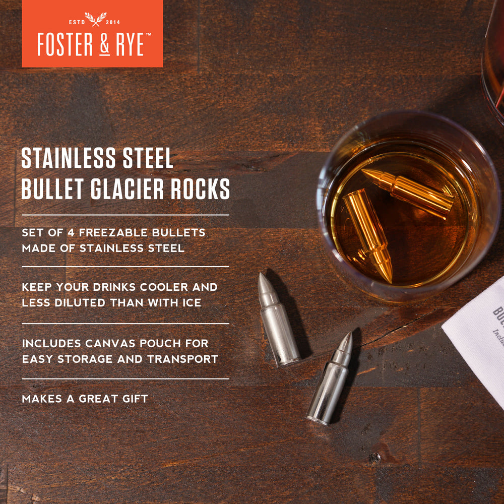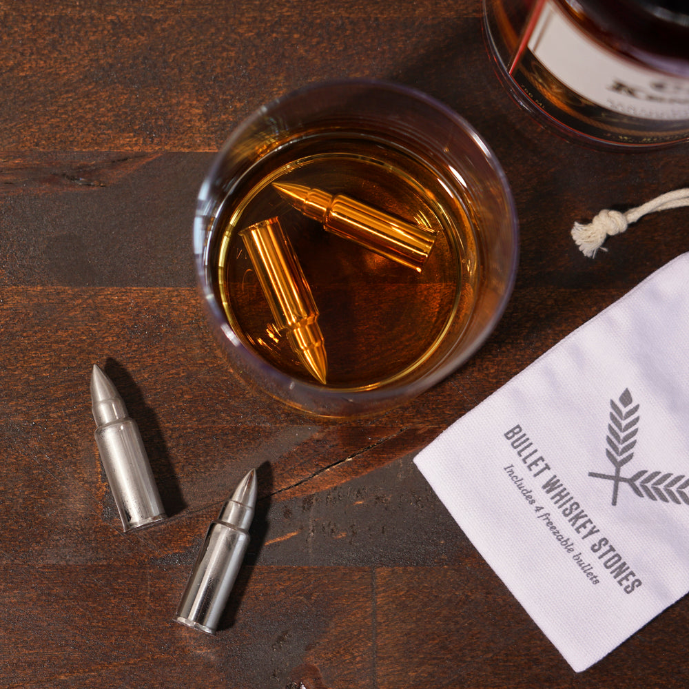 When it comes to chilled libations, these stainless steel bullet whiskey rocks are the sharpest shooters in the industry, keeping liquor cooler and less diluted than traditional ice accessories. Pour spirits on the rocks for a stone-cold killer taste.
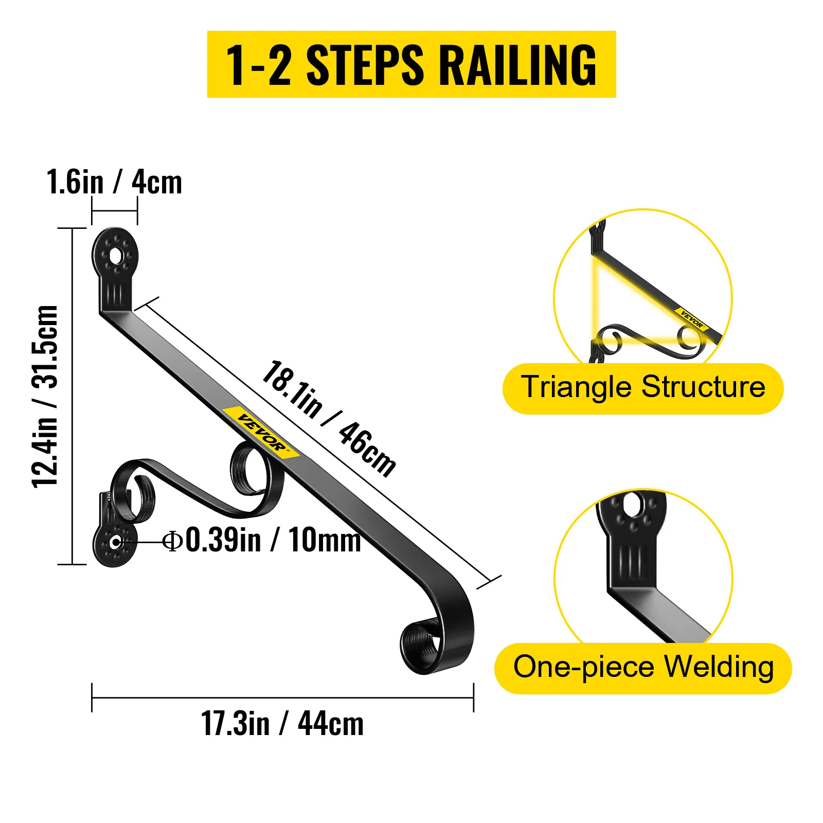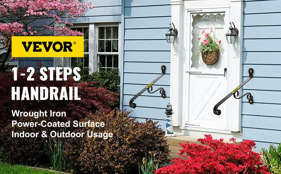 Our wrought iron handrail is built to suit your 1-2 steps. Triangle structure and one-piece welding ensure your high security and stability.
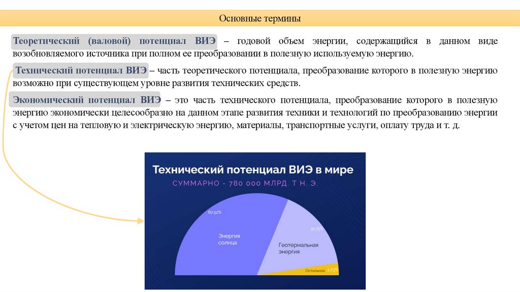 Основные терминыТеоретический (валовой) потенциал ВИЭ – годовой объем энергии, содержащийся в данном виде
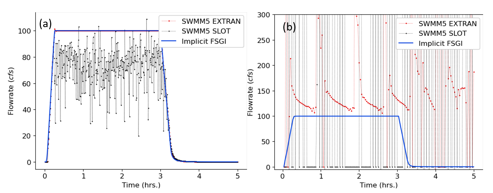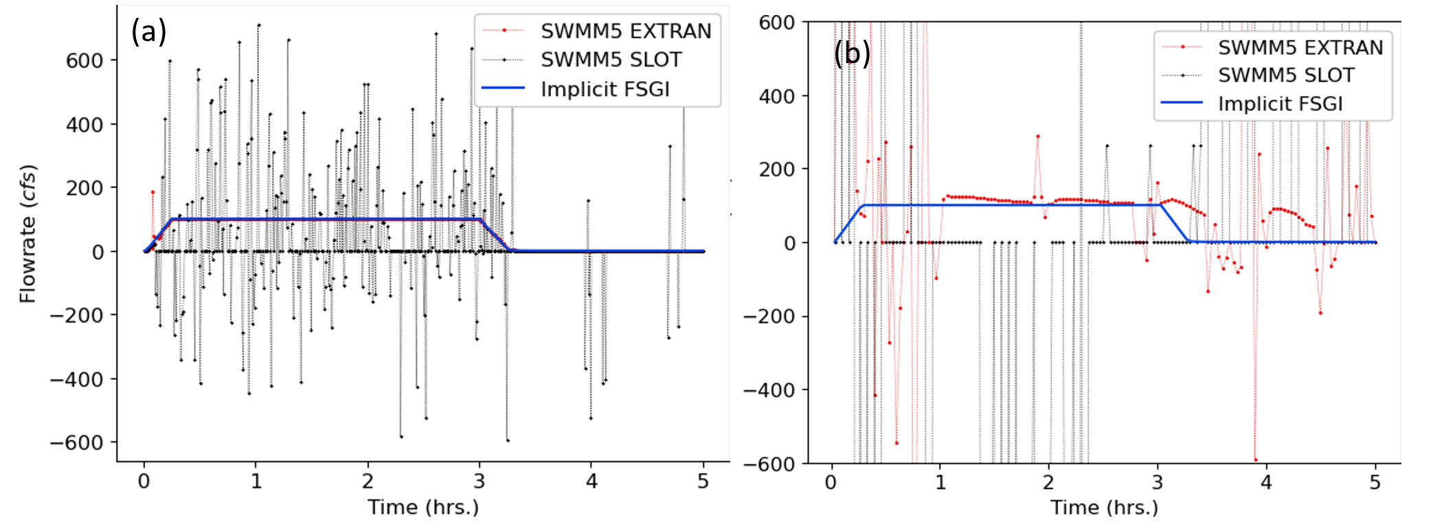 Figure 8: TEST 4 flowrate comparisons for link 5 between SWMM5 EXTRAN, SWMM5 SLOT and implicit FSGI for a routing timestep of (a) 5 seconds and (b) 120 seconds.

...

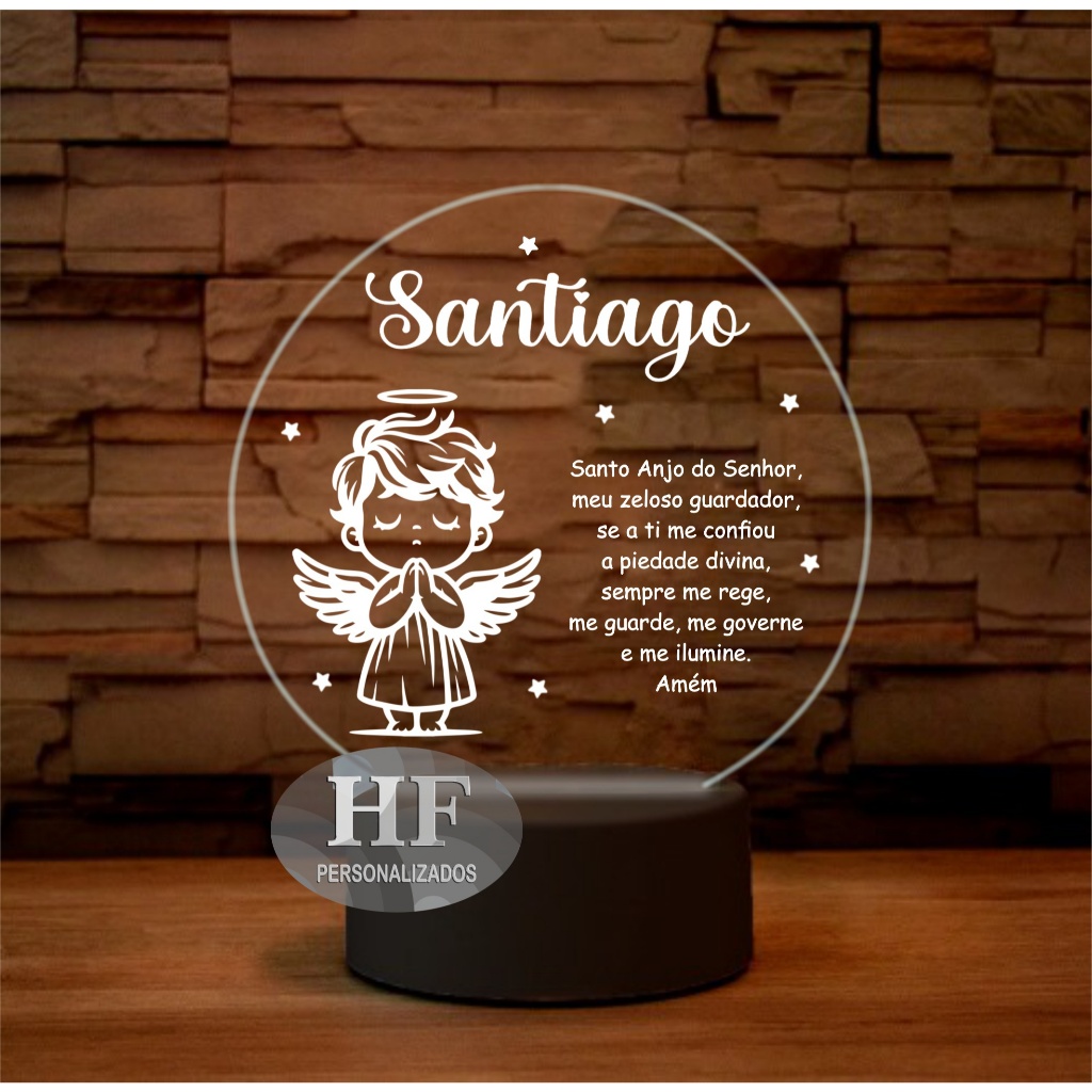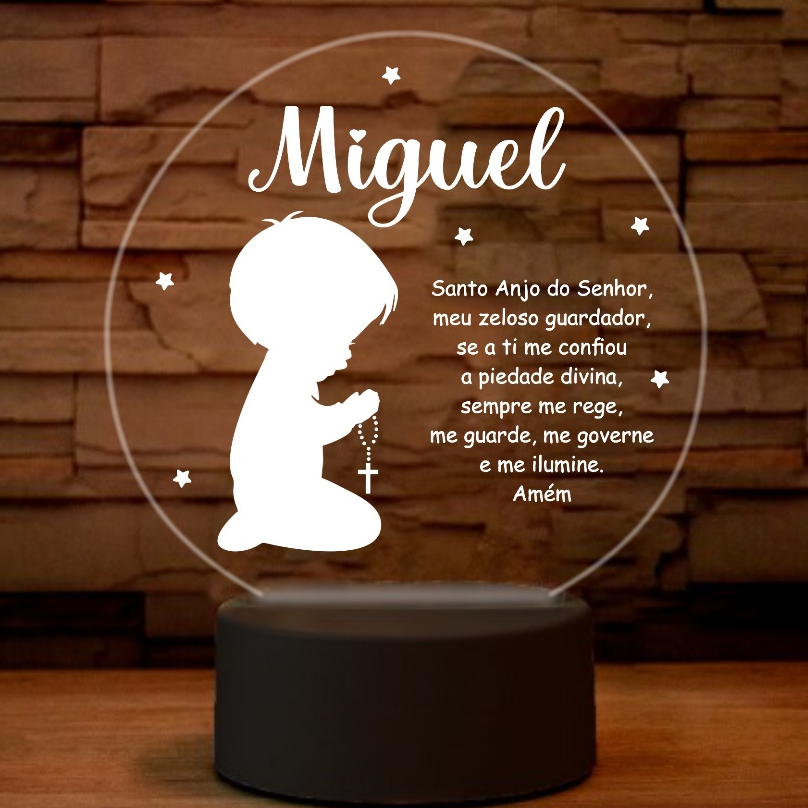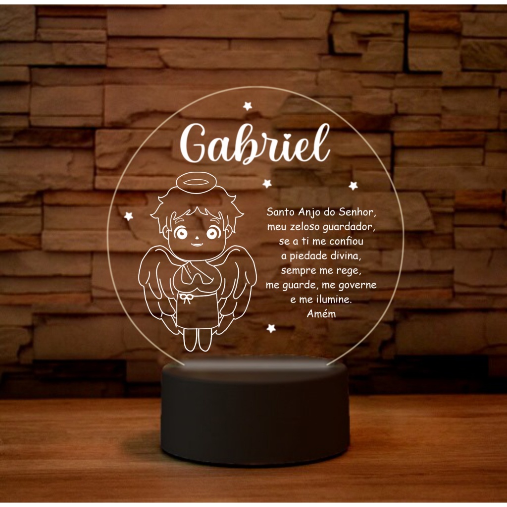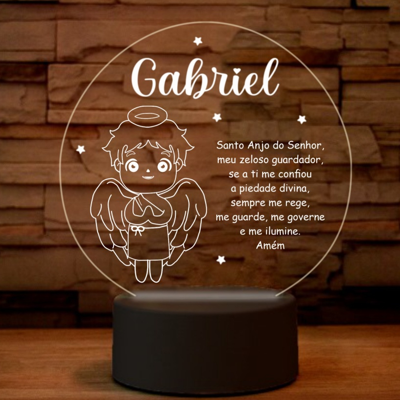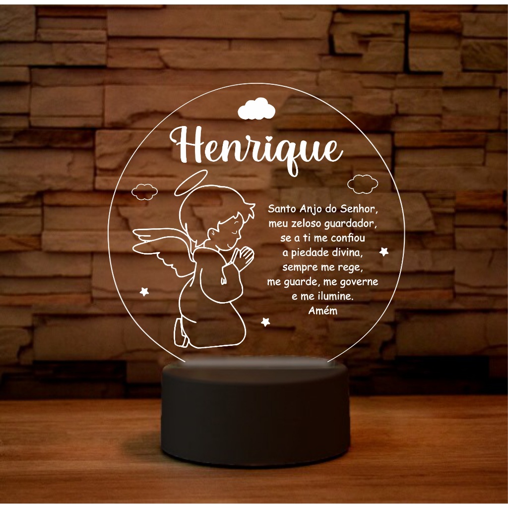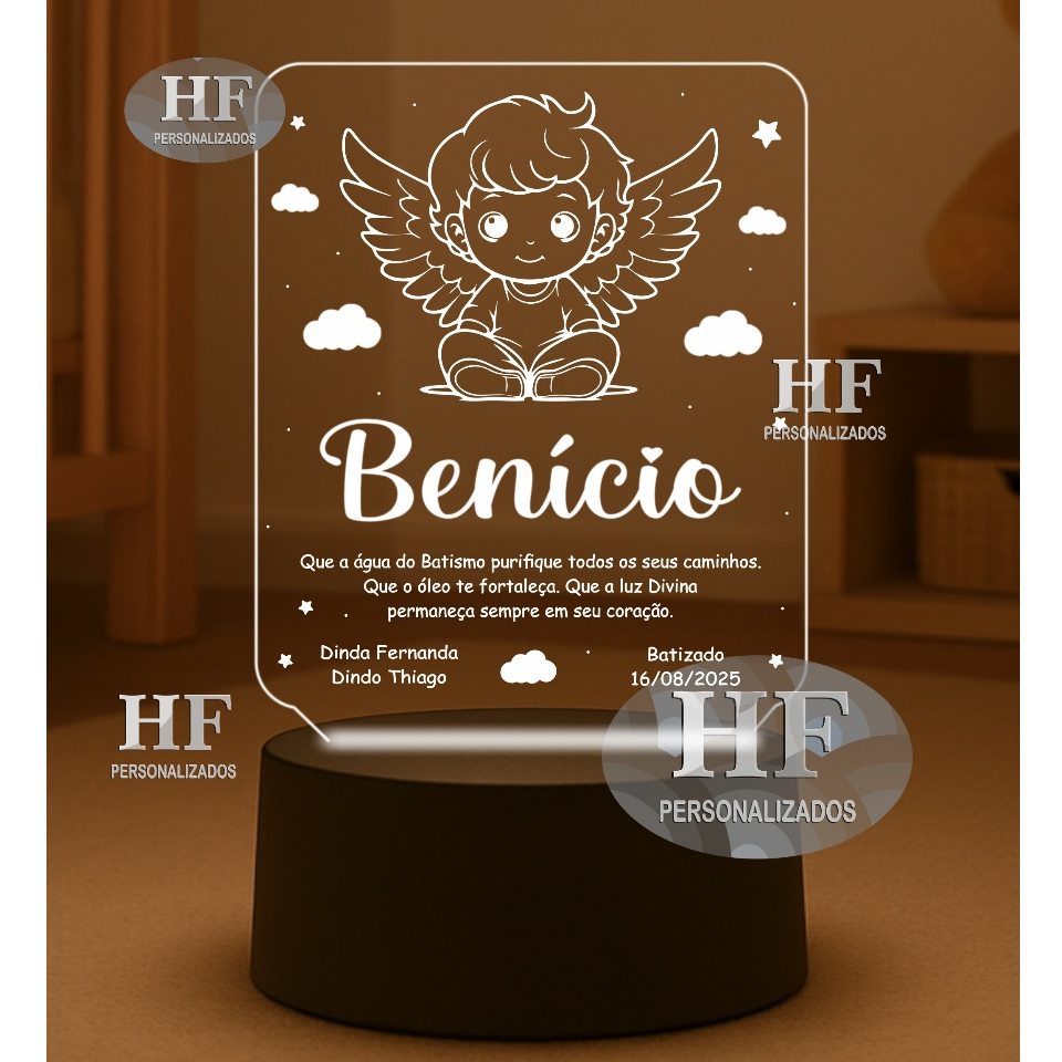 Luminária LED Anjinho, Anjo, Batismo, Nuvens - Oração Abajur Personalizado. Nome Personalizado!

→ Task statement
Look above and copy only the lines from the one holding "Our wrought iron" to the one holding "Figure 8: TEST", both included, exactly, minus the pictures.

→ Task result
 Our wrought iron handrail is built to suit your 1-2 steps. Triangle structure and one-piece welding ensure your high security and stability.
 Основные терминыТеоретический (валовой) потенциал ВИЭ – годовой объем энергии, содержащийся в данном виде
 Figure 8: TEST 4 flowrate comparisons for link 5 between SWMM5 EXTRAN, SWMM5 SLOT and implicit FSGI for a routing timestep of (a) 5 seconds and (b) 120 seconds.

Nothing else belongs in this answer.